Special relativity, formulated by Albert Einstein in 1905, transformed our understanding of space, time, and motion. At the heart of special relativity is the idea that the laws of physics are the same for all observers, regardless of their relative motion, provided they are not influenced by gravity, which is the realm of general relativity. Special relativity introduces several groundbreaking concepts, including the constancy of the speed of light in a vacuum for all observers, regardless of their relative motion, and the relativity of simultaneity—events that are simultaneous in one frame of reference may not be so in another.

Special relativity uses the Lorentz transformation equations to relate the physical quantities measured in different inertial frames of reference—that is, frames of reference that are moving at constant velocities relative to each other. These equations account for how measurements of time, length, and mass appear altered to an observer in motion relative to the observed object or event. One of the most counterintuitive and fascinating outcomes is that time and space are not absolute but are interwoven in a four-dimensional space-time continuum.

Time Dilation

Time dilation is a direct consequence of the postulates of special relativity. It describes how, according to an observer in one inertial frame, a clock that is moving relative to them seems to tick more slowly. The faster the relative speed, the more significant the effect. This phenomenon is not due to any mechanical failures or peculiarities in the moving clock but because of the very nature of time itself as per special relativity.
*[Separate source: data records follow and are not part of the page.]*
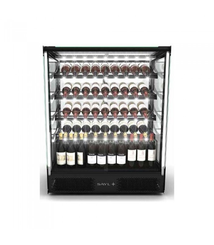 Vitrina expositora refrigerada de Sayl modelo PAK-RAA-W de la serie PAK WINE diseñadas para mantener el contacto del vino con el corcho de la botella, con capacidad para 9 botellas por estante, perfecta visualización e iluminación de las botellas, gran accesibilidad, estantes con iluminación incorporada, máximo aprovechamiento del espacio de exposición, cristales con cristal cámara y puertas de cristal con sistema autocierre.
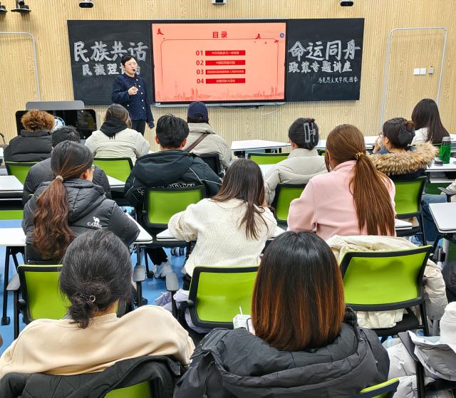 为深化学生对国家民族理论与政策的理解,铸牢中华民族共同体意识,11月27日,马克思主义学院于东校区6#A206举办“民族共话,命运同舟”民族理论与政策专题讲座。本次活动特邀郗灵芝老师担任主讲人,各班班团及少数民族学生代表参加。
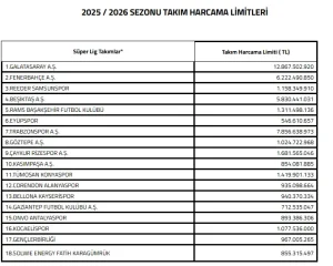 Kulüp Lisans Kurulu, 2025-2026 Sezonu Süper Lig Takım Harcama Limitlerini ikinci transfer ve tescil dönemi ile ilgili olarak belirledi.
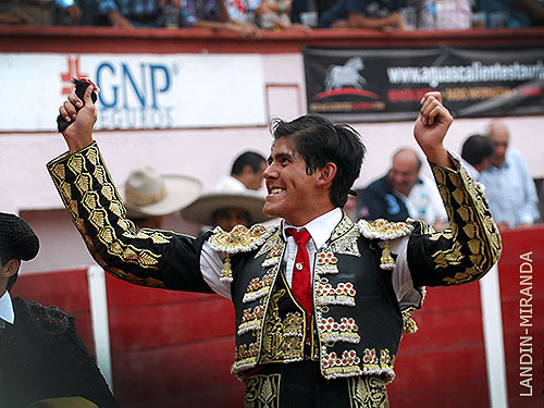Con el quinto de la tarde, el de Aguascalientes trató de ratificar su triunfo, dos faroles y vistosas chicuelinas fue su repertorio con el capote, mientras que con la muleta logró correr la mano por el derecho justo en el terreno de los medios, lamentablemente no estuvo certero con la espada y se retiró a las tablas en silencio.

To put it mathematically, the time interval \( \Delta t' \) between two ticks as measured in the clock's own rest frame is different from the time interval \( \Delta t \) as measured by an observer for whom the clock is moving at speed \( v \). The relationship between these two times is given by the Lorentz factor \( \gamma \), where \( \Delta t = \gamma \Delta t' \) and \( \gamma = \frac{1}{{\sqrt{1 - \frac{v^2}{c^2}}}} \), with \( c \) representing the speed of light. For speeds much less than the speed of light, time dilation is negligible, but it becomes significant as \( v \) approaches \( c \).

Reference Frames

Reference frames are essential in physics for describing the position, velocity, and acceleration of objects. They are like coordinate systems that can move relative to one another. When we discuss movement and speeds, it's critical to specify the reference frame from which these are being measured. Inertial reference frames, in particular, are those that either remain stationary or move at a constant velocity—they are not accelerating.

In the context of the exercise solution, we discussed two different reference frames: our frame and the frame where the clocks are moving at a speed \( v \). The Lorentz transformation allows us to translate physical quantities between these two inertial frames. Careful use of the correct reference frame is crucial when applying the Lorentz transformation to ensure we properly understand how events in one frame are viewed from another.

By comparing the clock readings \( t' \) in the moving frame with the time coordinate \( t \) in our frame, we were able to derive their relationship, which showcases how time dilation occurs due to their relative motion. Understanding reference frames enables us to grasp why time is not absolute but is instead dependent on the observer's frame of reference, a notion that was unthinkable before the advent of special relativity.